Nance first campaigned for the same judicial seat she now holds in 2010. 
Though her first campaign ended with a loss, Nance was determined that she would run again in 2012 and continued to campaign. And election night, the hard work and long journey paid off.
“It was magical,” Nance recalled. “I think the appointment process is wonderful when you can be appointed, but there’s nothing like being elected. There’s just such a level of pride that it gives you when you see the voters.
“The day after the election I went throughout various neighborhoods and businesses and thanked them and let them know that we – I don’t say I – that we won, because I considered it to be a joint experience.
“People felt invested,” Nance said of her campaign and subsequent election. “It was just magical to win and to be on the same ballot in a presidential election. So there were people who were very content with the world on that night. It was a great experience to know that you have the support of the community.”
The 46th District Court, while seated in Southfield, not only serves that community but also Lathrup, Beverly Hills, Bingham Farms, and Franklin Village. Within these communities are many diverse cultures and Nance recognizes that this diversity should be celebrated.
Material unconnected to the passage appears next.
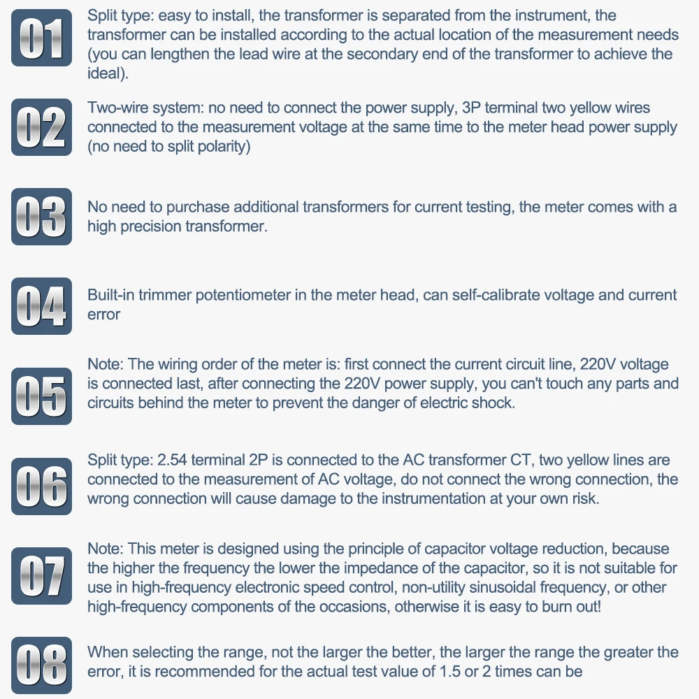 2.Tipo dividido: el terminal 2,54 2P está conectado al transformador de CA CT, las dos líneas amarillas están conectadas para medir el voltaje de CA, no conectar incorrectamente causará daños al instrumento y responsabilidad.

“I want to let the diverse culture in this community know that we are a court that represents everyone and I want to be a judge that would represent everyone in the community,” Nance noted.
“We forget sometimes how important diversity is. Everybody is not the same. Everybody does not come from the same place with the same experience with the same education or the same opportunities and the same customs and traditions, but I think that’s what makes it so beautiful.”
Nance is also a firm believer in alternative and individualized sentencing.
“I don’t believe in cookie cutter approaches to sentencing,” she said. “I’m looking for all kinds of alternatives to jail – alternative sentencing programs.”
Sentencing that uses various technologies, such as GPS and alcohol monitoring; intervention programs; and various specialty courts, such as mental health courts; are among those on Nance’s radar.
“I think largely my philosophy on sentencing is to reduce recidivism. I want to reduce the opportunity that person will be back again because that’s best for the community and that’s best for the individual.”
“Cookie cutter” sentences aside, the law must be applied.
“The part about being a judge that you have to understand is that I don’t get to make the law – I have to follow the law,” she said. “I want to do that with compassion and sensitivity.”
In her quest to accomplish this, Nance has taken it upon herself to learn all she can to be the best she can in her new role.
“I work late and love it and take files home and review them before the cases come up and read the briefs and I just enjoy the legal arguments, I enjoy – still – researching some of the legal arguments on my own to understand this is the plaintiff’s position, this is the defendant’s position, and where the law lies in my opinion because I’ve got to make a decision. 
“It fills my evenings and weekends and I have tried to put my hands on everything I can about the court system, the jury system, and what makes jurors tick. I’ve just become a voracious reader regarding this whole process,” Nance said. “I’m trying to learn everything I can about my new role to make sure that I’m the kind of judge that I want to be.”